Friday, August 3, 2012

The Fundamentals of Investments

The most insane piece of investment advice I've ever heard was relayed by a friend who was taking an investments class at the local adult school. The instructor's key to investments and stock selection was to pick the stock of solid companies with which you dealt and trusted. The insane part of this advice is that it totally ignores valuation. Yes, Google may be a great company, but before you buy it shouldn't you ask whether it's currently selling for $50 a share or $1,000? And even if it's a good idea to buy stock in "good" companies, wouldn't it make sense that the current price already reflects the value that you have perceived?

Now this is not to say that people haven't made a lot of money in some stocks using this approach. and indeed this approach is so common to have a name--fundamental analysis. For example, fanatics of Apple products who backed up their product devotion with a financial investment have done well. On the other hand you could have paid $644 for Apple stock a few weeks ago and be down $27 a share. After all, no stock always trades at an all time high. And what about the devoted followers of Blackberry, or Palm Pilot or the Windows operating system or Farmville? You
would have lost big bucks if you backed up your fundamental analysis with cash.

Generally speaking, a stock's current price reflects what the investing public knows and expects about a company. (The term "investing public" does not refer to the man-on-the street public, but rather professional investors, and what you or I think about a stock's valuation doesn't matter.) Subsequent changes in value reflect how revised knowledge and expectations differ from the past. I'd say that many investors have owned Apple stock at some point in time in the past, but when their primary product was the MacIntosh computer, and it seemed to be losing ground to Windows based computers such that it would become extinct, a lot of people bailed out. Like me.

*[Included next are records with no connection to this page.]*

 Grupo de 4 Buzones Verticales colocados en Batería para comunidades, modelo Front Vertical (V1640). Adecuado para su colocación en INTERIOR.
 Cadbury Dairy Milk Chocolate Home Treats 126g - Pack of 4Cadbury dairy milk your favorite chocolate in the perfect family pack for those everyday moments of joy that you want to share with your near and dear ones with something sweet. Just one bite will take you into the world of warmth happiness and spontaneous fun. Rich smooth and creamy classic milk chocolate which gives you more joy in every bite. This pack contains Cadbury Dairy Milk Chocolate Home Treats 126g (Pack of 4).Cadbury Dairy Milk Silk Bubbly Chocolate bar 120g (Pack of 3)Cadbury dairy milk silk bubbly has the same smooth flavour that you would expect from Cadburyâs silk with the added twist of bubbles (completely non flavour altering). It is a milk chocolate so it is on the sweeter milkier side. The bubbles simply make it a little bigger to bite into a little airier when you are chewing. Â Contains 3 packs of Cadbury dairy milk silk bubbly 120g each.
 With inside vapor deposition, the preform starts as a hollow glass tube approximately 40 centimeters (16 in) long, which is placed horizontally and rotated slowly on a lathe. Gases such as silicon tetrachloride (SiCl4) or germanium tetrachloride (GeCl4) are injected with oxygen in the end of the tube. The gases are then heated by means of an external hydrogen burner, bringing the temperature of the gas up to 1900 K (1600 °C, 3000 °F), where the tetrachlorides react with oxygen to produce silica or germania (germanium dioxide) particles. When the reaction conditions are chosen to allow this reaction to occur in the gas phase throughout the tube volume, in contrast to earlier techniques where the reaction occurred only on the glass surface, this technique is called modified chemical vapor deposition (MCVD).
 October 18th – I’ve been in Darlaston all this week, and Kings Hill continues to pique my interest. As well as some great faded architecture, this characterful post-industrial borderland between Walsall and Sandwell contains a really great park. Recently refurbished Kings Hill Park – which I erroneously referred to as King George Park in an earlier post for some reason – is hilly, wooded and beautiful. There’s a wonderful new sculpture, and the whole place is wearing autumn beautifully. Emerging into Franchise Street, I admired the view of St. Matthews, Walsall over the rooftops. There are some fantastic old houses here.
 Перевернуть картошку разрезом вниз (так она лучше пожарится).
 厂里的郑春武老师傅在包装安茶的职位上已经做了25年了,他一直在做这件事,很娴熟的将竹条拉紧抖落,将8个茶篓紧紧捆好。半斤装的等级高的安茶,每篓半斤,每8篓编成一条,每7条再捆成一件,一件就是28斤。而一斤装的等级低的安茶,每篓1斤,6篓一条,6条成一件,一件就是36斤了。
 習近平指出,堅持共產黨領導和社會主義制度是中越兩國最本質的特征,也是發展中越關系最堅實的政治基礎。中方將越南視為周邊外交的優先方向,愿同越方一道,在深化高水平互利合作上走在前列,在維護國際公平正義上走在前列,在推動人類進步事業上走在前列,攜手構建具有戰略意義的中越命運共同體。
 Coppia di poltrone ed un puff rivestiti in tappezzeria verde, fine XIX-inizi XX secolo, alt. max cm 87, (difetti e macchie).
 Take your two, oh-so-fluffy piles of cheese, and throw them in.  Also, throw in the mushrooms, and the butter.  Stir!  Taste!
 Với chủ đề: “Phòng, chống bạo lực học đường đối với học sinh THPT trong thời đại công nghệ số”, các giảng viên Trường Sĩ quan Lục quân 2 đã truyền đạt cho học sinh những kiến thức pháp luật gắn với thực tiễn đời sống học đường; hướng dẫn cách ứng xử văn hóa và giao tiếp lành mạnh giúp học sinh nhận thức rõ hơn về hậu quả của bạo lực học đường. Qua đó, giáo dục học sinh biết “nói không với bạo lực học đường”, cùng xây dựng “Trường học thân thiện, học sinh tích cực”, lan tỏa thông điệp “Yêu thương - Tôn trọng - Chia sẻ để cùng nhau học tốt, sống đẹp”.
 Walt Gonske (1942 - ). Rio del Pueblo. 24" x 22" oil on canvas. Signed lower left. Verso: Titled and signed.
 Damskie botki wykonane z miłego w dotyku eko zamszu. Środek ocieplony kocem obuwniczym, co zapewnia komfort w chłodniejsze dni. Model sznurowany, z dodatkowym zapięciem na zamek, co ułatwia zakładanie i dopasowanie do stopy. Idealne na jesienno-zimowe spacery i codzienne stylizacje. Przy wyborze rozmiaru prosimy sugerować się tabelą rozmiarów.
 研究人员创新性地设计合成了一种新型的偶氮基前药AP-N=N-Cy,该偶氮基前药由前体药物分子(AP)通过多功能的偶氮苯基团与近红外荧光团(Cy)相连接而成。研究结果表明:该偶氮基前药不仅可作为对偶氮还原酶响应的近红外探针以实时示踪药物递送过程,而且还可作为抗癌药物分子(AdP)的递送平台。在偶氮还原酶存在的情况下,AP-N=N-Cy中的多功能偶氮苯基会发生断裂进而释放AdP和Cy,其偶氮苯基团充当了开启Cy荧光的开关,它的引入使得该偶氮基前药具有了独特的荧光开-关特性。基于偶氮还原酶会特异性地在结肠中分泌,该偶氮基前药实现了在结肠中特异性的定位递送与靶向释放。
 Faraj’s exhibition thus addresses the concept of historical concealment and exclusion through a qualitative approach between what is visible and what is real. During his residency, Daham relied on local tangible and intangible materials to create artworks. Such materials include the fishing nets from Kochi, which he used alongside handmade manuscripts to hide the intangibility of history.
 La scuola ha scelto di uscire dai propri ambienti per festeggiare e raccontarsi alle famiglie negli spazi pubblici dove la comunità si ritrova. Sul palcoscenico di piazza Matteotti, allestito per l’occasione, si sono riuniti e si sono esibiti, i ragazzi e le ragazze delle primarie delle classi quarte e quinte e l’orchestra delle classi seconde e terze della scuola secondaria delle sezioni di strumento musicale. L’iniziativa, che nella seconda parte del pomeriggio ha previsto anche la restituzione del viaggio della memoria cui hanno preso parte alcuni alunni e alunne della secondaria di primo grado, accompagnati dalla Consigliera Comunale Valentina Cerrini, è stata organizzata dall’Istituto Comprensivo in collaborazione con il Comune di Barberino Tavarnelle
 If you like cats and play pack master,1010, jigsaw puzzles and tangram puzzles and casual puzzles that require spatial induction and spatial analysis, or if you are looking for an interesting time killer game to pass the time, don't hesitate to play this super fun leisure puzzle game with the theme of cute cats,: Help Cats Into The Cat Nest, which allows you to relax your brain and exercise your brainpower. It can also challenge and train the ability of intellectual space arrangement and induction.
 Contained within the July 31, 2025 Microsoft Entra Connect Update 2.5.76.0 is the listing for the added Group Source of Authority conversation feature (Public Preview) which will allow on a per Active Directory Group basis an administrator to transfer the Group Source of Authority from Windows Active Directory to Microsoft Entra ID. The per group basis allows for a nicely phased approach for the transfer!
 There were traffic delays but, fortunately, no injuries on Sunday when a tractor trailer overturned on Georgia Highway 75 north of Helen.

With all this in mind, it turns out that the recent public offering of Facebook capsulizes this discussion very well. There was a frenzy in the IPO as public demand under the fundamentalist approach (plus greed on the part of the issuer) sent the offering price way above the original expectation. While there was pro forma financial information issued, since Facebook had not been publicly traded there wasn't the history of company commentary and investment adviser analysis to determine if the $38 IPO price was realistic or not. As post-IPO trading first showed, and the first public quarterly earnings release emphasized, it was not by a long shot.

On the other hand, since future stock price movements are caused by subsequent changes in facts and expectations, who's to say that despite the negative fundamental news about Facebook that its current price of $20 might be an undervaluation? Only time will tell whether this fundamentally unsound stock is now actually a good buy.

And since I've brought up the subject of Facebook, I'll close with another dig at the way the state of California balanced its budget for the fiscal year that just started. It projected $1.8 billion in revenue from taxes paid by original Facebook shareholders who could monetize their investments once the company went public. At a sales price of $38 per share, that might have been a realistic number. But due to the lock up period, those insiders were not immediately permitted to sell their shares, and will have to wait until the upcoming weeks and months. So at $20 per share, the actual California budget deficit just got larger as California is not going to realize $1.8 billion. This also reinforces the underlying weakness of California's income tax system which disproportionately (much more than the federal government) relies on taxing the rich. While that strategy may work in good times, it's toxic when things don't go well since the income of wealthier taxpayers is much more adversely affected when times are bad, and makes forecasting revenues highly unpredictable.